Caius believed that the end of their journey was near;
he looked eagerly at the new land, and saw that there were houses upon
the top of the cliff. It seemed unnecessary even to ask if this was
their destination. Secure in his belief, he willingly got off the cart
at the base of the cliff, and trudged behind it, while O'Shea drove up a
track in the sand which had the similitude of a road; rough, soft,
precipitous as it was, it still bore tracks of wheels and feet, where
too far inland to be washed by the waves. The sight of them was like the
sight of shore to one who has been long at sea. They went up to the back
of the cliff, and came upon its high grassy top; the road led through
where small houses were thickly clustered on either side. Caius looked
for candle, or fire, or human being, and saw none, and they had not
travelled far along the street of this lifeless village when he saw that
the road led on down the other side of the headland, and that the beach
and the dune stretched ahead of them exactly as they stretched behind.

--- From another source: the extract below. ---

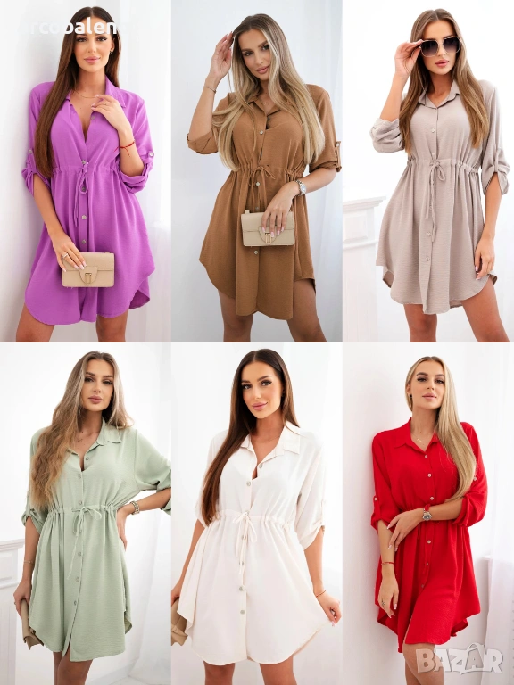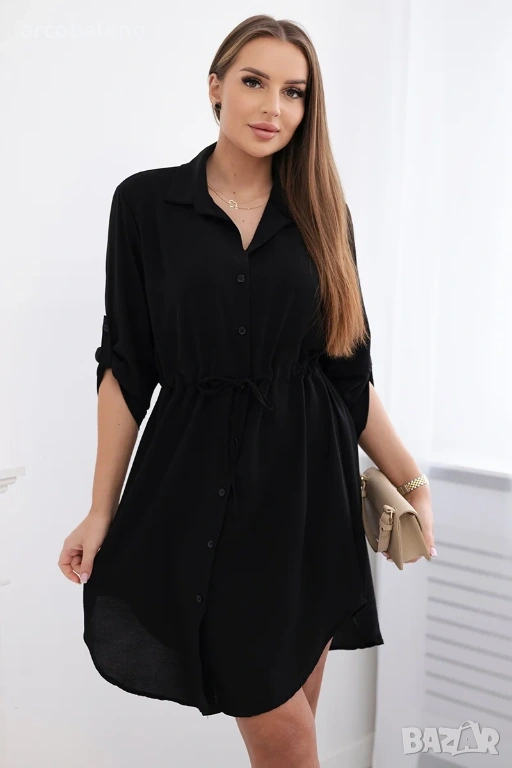 Рокля с копчета, връзка на талията и яка е комбинация от елегантност и изтънчен чар в едно. Копчетата придават класа и стил на роклята, като в същото време позволяват лесно обуване и събуване. Връзката на талията подчертава женската фигура, като й придава индивидуален характер и гарантира перфектно прилягане. Яката придава елегантност и изтънченост, придавайки на роклята деликатен и изтънчен акцент. Той е идеален вариант за различни поводи, от бизнес срещи до романтични срещи, като същевременно гарантира комфорт и модерен вид. Размерът е универсален и ще бъде подходящ за жени, носещи размер S, M или L.

"Is this a village of the dead?" he asked O'Shea.
The man O'Shea seemed to have in him some freak of perverseness which
made it hard for him to answer the simplest question. It was almost by
force that Caius got from him the explanation that the village was only
used during certain fishing seasons, and abandoned during the
winter--unless, indeed, its houses were broken into by shipwrecked
sailors, whose lives depended upon finding means of warmth.